## MATERIAL PROVIDED
________
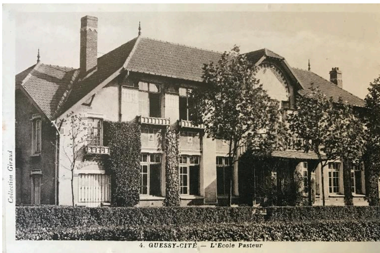
L'école Pasteur, carte postale vers 1930.
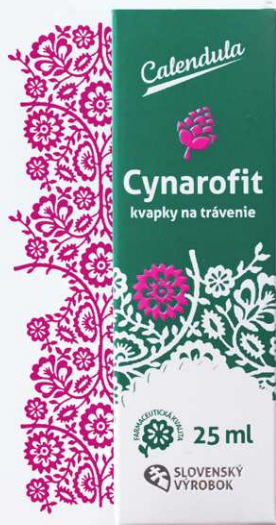
Cynarofit kvapky na trávenie
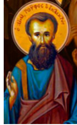
Άγιος Ρούφος ο Απόστολος από τους Ο'
________
## WORK TO COMPLETE
Please print all the lines above exactly as given and leave out every picture.

## RESPONSE AREA
L'école Pasteur, carte postale vers 1930.
Cynarofit kvapky na trávenie
Άγιος Ρούφος ο Απόστολος από τους Ο'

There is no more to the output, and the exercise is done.